## RECORDED INFORMATION
···

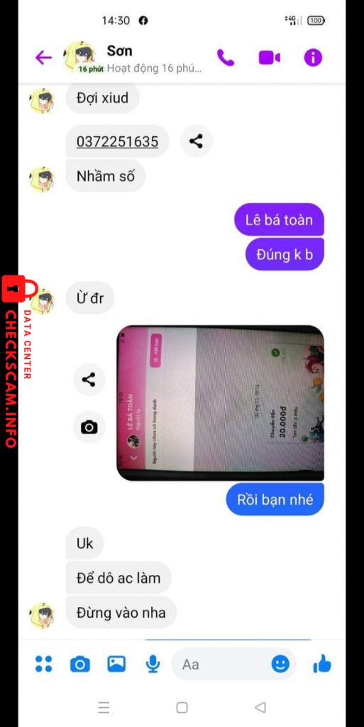 Scammer Alert: Le Ba Toan Reported: November 16, 2024 Scammer Information Full Name: Le Ba Toan Phone Number: 0372251635 Payment Gate: MOMO Payment Account: 0372251635 Category: Marketplace scams Source: Checkscam Evidence Files Report Description Lừa đảo mua acc gửi tiền qua rồi ko chịu đưa tài khoản Comments Your comment Add Comment No comments yet. Be the first to share your experience with this scammer.
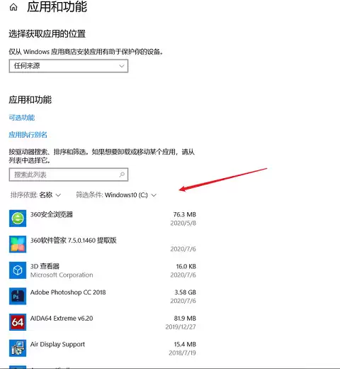 关键一步来了:将右上角的“筛选条件”设置为“Windows 10 (C:)”。这样一来,所有安装在C盘的应用及其占用空间便一目了然。平时不小心被捆绑安装的软件,或者那些体积庞大却很少使用的程序,都可以在这里逐一卸载,效果立竿见影。
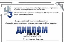 Поздравляем обучающую 3Б класса Хузягалиеву Ясмину, занявшую I место во Всероссийском творческом конкурсе "Спасибо маме говорю", приуроченному ко Дню матери (учитель Зиганшина Венера Гависовна).

···

## AIM OF THE EXERCISE
Restate the whole listing exactly as written, minus the pictures.

## EXERCISE OUTPUT
 Scammer Alert: Le Ba Toan Reported: November 16, 2024 Scammer Information Full Name: Le Ba Toan Phone Number: 0372251635 Payment Gate: MOMO Payment Account: 0372251635 Category: Marketplace scams Source: Checkscam Evidence Files Report Description Lừa đảo mua acc gửi tiền qua rồi ko chịu đưa tài khoản Comments Your comment Add Comment No comments yet. Be the first to share your experience with this scammer.
 关键一步来了:将右上角的“筛选条件”设置为“Windows 10 (C:)”。这样一来,所有安装在C盘的应用及其占用空间便一目了然。平时不小心被捆绑安装的软件,或者那些体积庞大却很少使用的程序,都可以在这里逐一卸载,效果立竿见影。
 Поздравляем обучающую 3Б класса Хузягалиеву Ясмину, занявшую I место во Всероссийском творческом конкурсе "Спасибо маме говорю", приуроченному ко Дню матери (учитель Зиганшина Венера Гависовна).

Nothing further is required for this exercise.